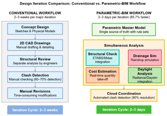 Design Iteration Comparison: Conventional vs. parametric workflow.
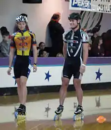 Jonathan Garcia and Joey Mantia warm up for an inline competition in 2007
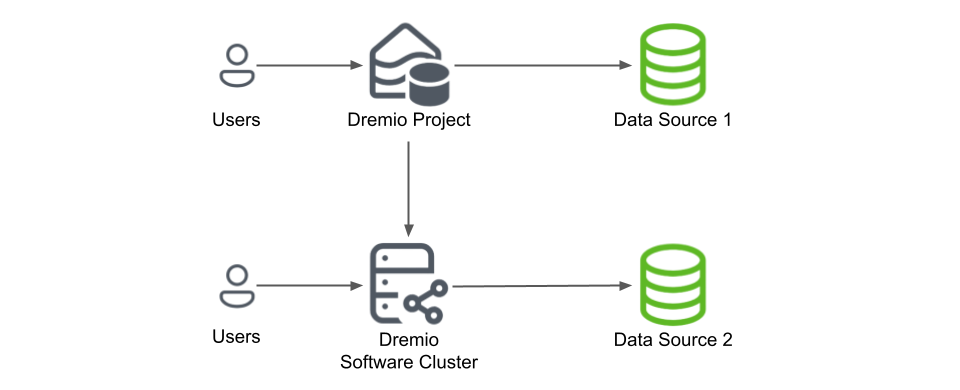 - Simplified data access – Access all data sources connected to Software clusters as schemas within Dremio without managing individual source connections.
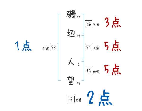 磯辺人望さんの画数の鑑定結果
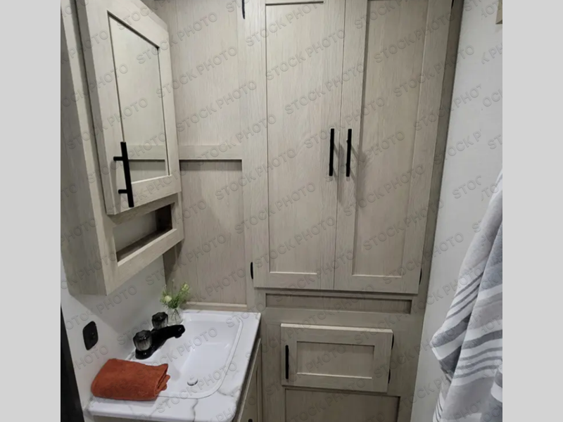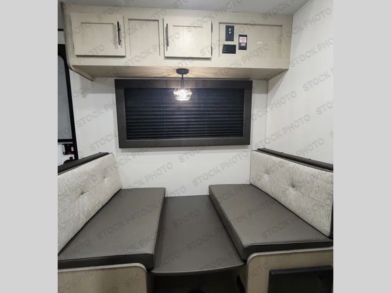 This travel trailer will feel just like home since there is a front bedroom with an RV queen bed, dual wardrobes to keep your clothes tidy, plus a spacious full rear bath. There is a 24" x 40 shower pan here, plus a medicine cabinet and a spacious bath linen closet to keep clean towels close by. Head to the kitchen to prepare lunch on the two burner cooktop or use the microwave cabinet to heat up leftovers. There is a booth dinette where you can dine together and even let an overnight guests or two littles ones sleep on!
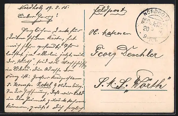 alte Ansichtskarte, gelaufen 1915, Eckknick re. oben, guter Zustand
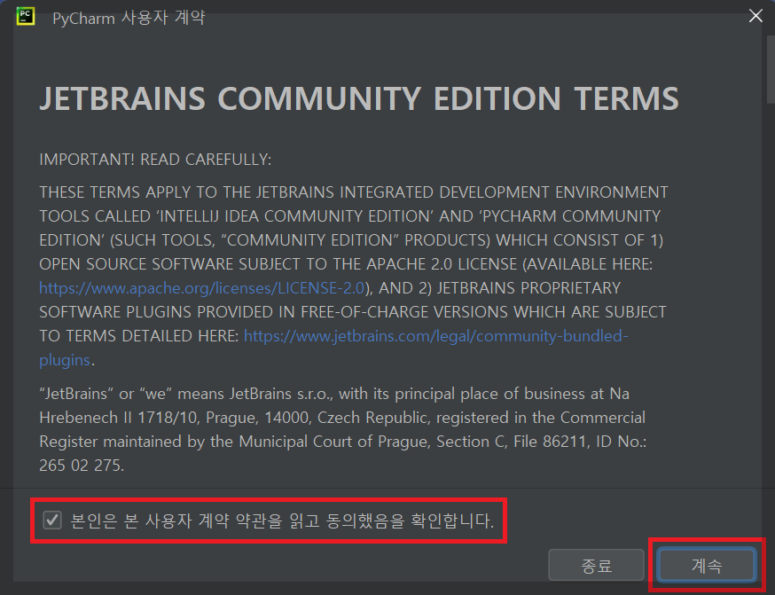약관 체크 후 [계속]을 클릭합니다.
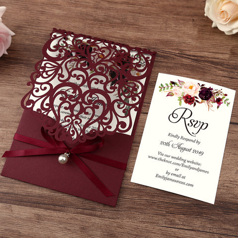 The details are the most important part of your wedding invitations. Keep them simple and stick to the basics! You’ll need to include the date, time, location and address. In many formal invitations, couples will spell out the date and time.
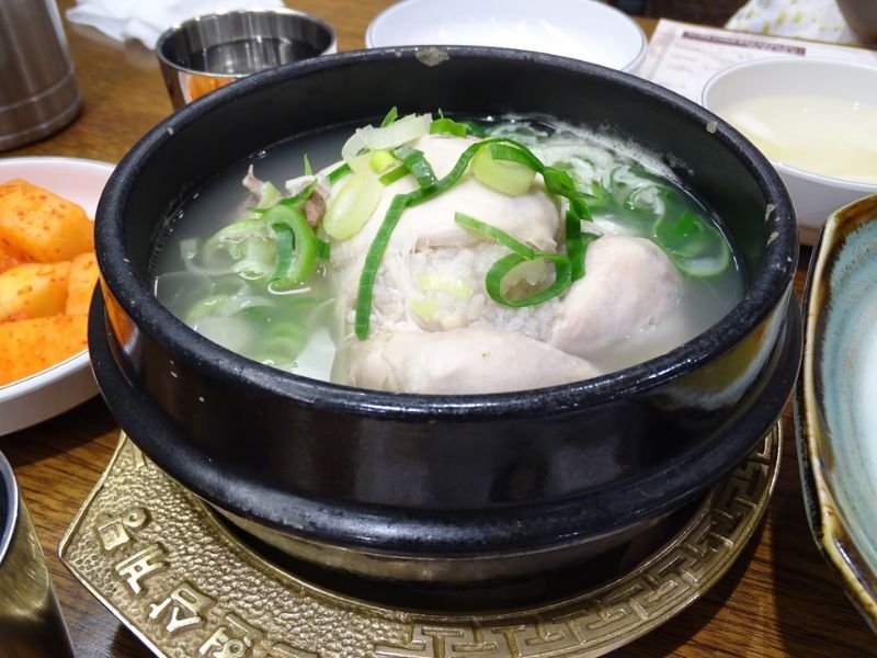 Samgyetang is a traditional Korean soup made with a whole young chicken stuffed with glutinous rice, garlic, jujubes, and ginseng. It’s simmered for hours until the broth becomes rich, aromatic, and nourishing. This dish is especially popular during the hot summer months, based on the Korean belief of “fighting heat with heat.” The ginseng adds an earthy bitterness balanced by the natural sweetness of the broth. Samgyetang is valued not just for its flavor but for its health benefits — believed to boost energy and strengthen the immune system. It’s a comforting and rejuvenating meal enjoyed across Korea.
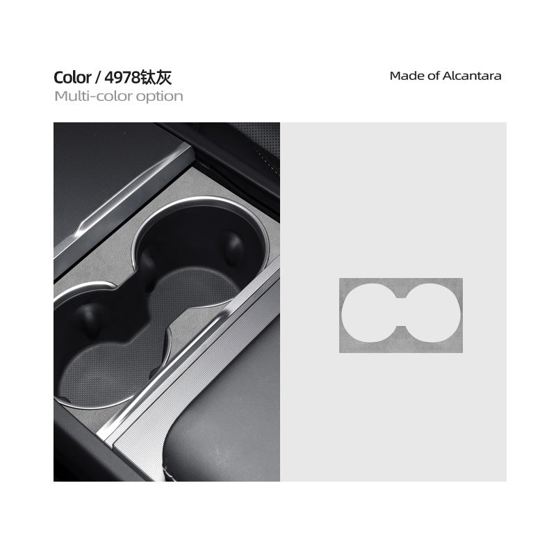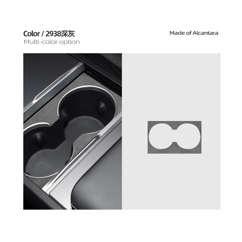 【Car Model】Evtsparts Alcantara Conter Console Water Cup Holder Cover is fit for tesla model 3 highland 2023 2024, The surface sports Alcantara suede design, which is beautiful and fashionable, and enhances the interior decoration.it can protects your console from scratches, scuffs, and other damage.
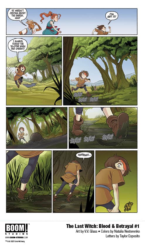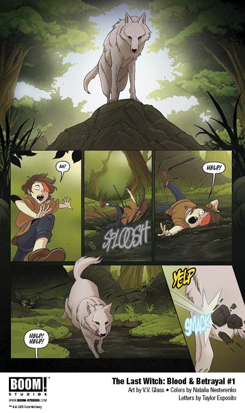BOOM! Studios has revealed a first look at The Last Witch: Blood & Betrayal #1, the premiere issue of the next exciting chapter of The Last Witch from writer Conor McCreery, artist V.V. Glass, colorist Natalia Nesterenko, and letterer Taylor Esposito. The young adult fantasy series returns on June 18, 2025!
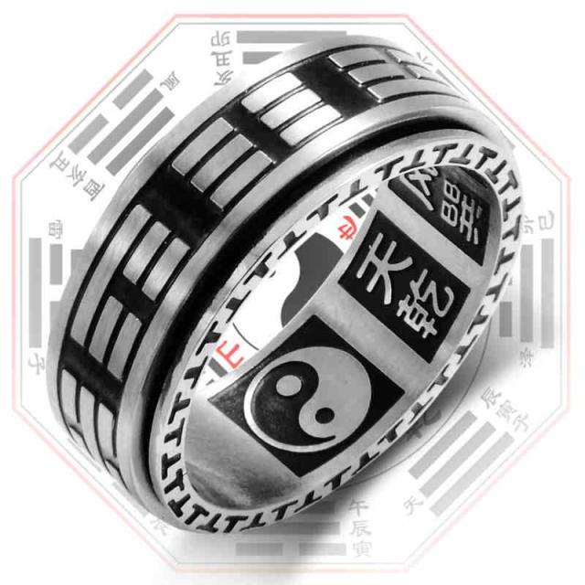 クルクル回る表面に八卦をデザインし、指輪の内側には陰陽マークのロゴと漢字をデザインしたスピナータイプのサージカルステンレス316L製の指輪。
--
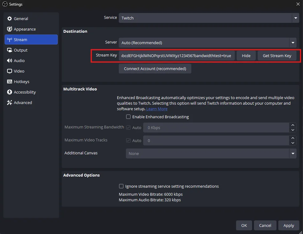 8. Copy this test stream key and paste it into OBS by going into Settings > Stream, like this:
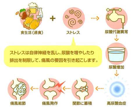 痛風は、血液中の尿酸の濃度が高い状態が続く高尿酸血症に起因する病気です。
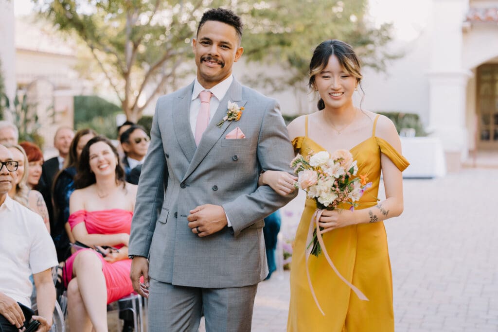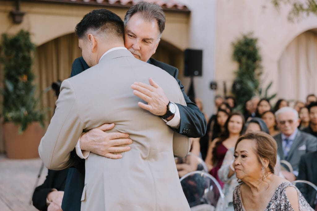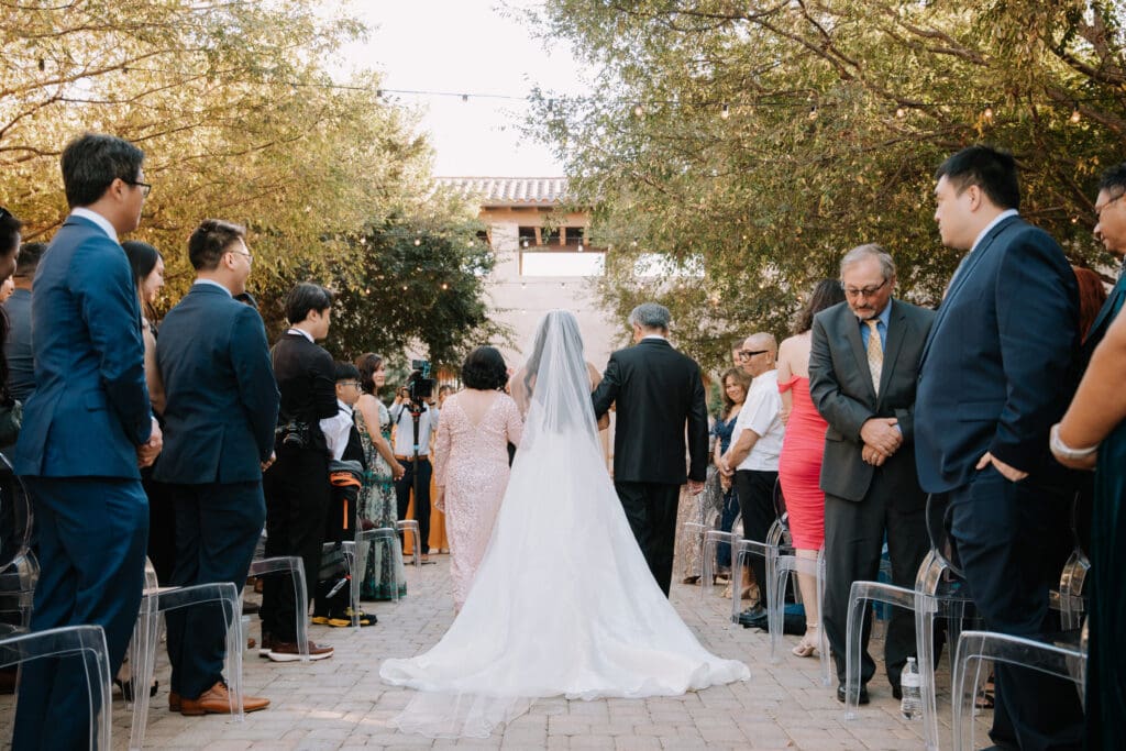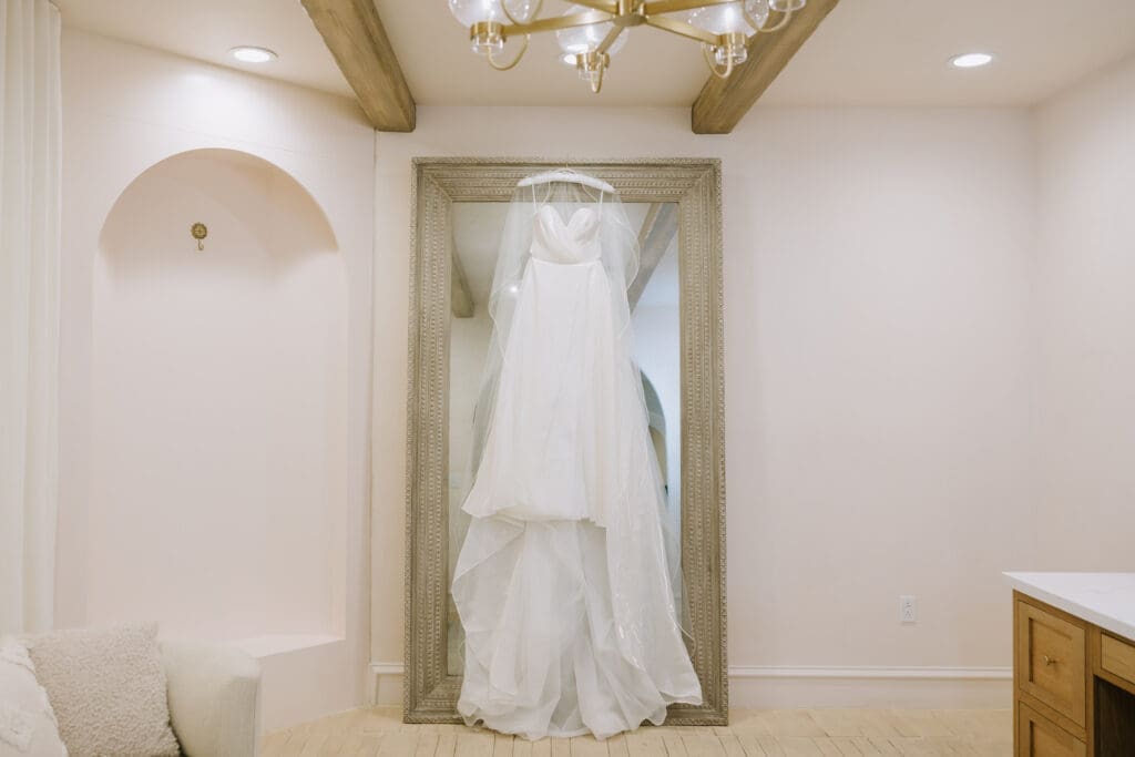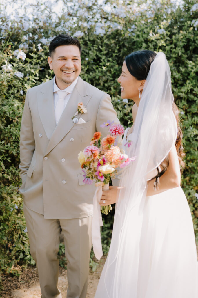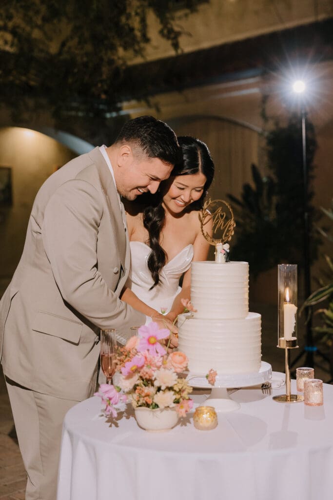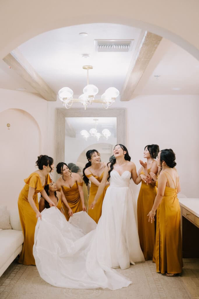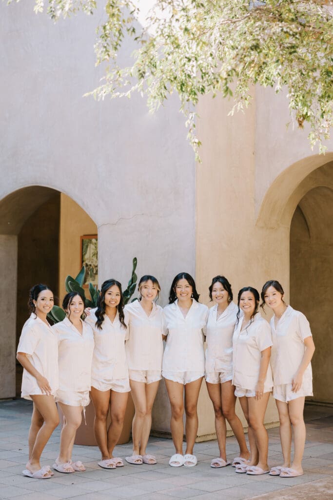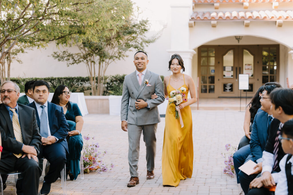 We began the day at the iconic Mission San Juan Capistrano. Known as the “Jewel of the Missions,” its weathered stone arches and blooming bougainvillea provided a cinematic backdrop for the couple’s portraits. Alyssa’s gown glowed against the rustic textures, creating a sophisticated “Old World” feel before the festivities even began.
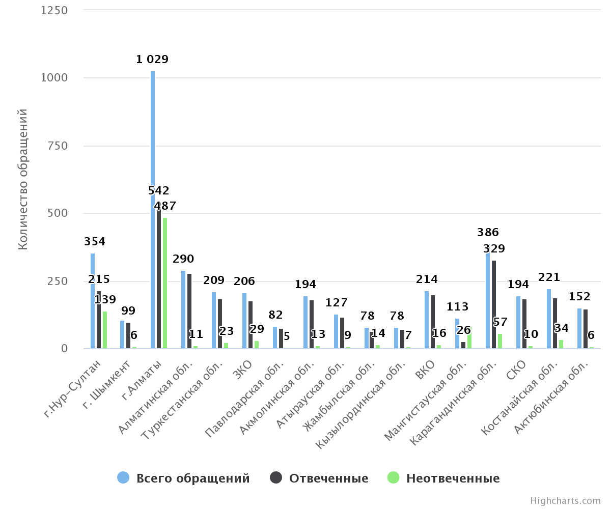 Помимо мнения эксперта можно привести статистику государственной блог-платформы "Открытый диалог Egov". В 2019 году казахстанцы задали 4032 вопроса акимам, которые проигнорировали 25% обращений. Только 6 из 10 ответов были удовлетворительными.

* [What the task asks] All lines above from the one containing "痛風は、血液中の尿酸の濃度が高い状態が続く高尿酸血症に起因する病気です。" up to and including the one containing "We began the" are to be set down exactly, and nothing else. Leave images out.

* [Result of the exercise]
 痛風は、血液中の尿酸の濃度が高い状態が続く高尿酸血症に起因する病気です。
 We began the day at the iconic Mission San Juan Capistrano. Known as the “Jewel of the Missions,” its weathered stone arches and blooming bougainvillea provided a cinematic backdrop for the couple’s portraits. Alyssa’s gown glowed against the rustic textures, creating a sophisticated “Old World” feel before the festivities even began.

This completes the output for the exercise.